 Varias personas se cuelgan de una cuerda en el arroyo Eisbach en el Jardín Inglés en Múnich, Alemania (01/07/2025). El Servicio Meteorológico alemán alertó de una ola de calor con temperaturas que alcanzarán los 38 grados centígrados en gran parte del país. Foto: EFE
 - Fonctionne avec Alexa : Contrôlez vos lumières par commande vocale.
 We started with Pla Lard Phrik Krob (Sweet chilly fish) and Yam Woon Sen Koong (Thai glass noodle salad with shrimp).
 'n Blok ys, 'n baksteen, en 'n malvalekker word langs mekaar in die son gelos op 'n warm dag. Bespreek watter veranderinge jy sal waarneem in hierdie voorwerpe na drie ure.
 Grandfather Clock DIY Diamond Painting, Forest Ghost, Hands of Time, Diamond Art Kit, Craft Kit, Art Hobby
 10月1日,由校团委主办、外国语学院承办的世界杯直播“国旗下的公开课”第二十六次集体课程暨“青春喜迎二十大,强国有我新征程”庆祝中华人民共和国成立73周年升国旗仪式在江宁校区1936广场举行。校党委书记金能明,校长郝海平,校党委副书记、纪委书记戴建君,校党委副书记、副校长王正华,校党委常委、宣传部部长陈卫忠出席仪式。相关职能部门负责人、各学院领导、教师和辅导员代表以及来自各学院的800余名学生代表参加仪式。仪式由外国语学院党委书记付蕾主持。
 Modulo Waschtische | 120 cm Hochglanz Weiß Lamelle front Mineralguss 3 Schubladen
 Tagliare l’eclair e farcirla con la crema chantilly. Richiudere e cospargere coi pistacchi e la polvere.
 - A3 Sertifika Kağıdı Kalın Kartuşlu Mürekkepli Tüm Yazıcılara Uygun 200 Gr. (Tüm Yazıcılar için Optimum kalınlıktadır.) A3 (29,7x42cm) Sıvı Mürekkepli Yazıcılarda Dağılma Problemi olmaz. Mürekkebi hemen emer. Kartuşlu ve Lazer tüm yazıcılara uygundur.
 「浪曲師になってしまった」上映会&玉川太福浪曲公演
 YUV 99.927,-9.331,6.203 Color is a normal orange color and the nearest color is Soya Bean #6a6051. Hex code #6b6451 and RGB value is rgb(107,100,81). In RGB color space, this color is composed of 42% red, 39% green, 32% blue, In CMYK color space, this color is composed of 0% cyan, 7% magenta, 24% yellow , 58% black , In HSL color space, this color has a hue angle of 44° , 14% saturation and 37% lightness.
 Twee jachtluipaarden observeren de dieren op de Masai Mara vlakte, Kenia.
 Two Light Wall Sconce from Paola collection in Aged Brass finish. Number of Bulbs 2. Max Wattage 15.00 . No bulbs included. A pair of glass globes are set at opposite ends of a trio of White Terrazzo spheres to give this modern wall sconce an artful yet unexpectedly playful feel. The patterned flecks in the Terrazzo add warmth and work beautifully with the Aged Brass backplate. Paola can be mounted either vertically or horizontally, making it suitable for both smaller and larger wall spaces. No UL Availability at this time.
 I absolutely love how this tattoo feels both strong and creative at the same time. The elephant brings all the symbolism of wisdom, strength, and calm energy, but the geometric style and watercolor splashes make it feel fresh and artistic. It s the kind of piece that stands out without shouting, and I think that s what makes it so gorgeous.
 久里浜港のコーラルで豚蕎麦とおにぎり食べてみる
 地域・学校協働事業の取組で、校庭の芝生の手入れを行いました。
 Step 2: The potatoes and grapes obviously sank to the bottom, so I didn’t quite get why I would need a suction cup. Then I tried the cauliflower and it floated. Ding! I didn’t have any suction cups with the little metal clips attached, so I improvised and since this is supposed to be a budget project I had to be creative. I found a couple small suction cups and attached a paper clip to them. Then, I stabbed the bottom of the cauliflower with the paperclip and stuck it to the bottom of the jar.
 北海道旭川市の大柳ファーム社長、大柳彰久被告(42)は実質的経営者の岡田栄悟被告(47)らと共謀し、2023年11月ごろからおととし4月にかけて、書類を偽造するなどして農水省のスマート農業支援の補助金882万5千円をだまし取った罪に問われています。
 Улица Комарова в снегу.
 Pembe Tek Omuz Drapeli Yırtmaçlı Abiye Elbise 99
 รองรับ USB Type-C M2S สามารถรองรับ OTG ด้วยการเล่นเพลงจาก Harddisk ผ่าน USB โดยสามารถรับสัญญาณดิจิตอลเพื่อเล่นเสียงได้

****************

- **Directions**:
Lines holding "glass" are the ones to copy; find all of them in the listing.

- **Exercise response**:
 We started with Pla Lard Phrik Krob (Sweet chilly fish) and Yam Woon Sen Koong (Thai glass noodle salad with shrimp).
 Two Light Wall Sconce from Paola collection in Aged Brass finish. Number of Bulbs 2. Max Wattage 15.00 . No bulbs included. A pair of glass globes are set at opposite ends of a trio of White Terrazzo spheres to give this modern wall sconce an artful yet unexpectedly playful feel. The patterned flecks in the Terrazzo add warmth and work beautifully with the Aged Brass backplate. Paola can be mounted either vertically or horizontally, making it suitable for both smaller and larger wall spaces. No UL Availability at this time.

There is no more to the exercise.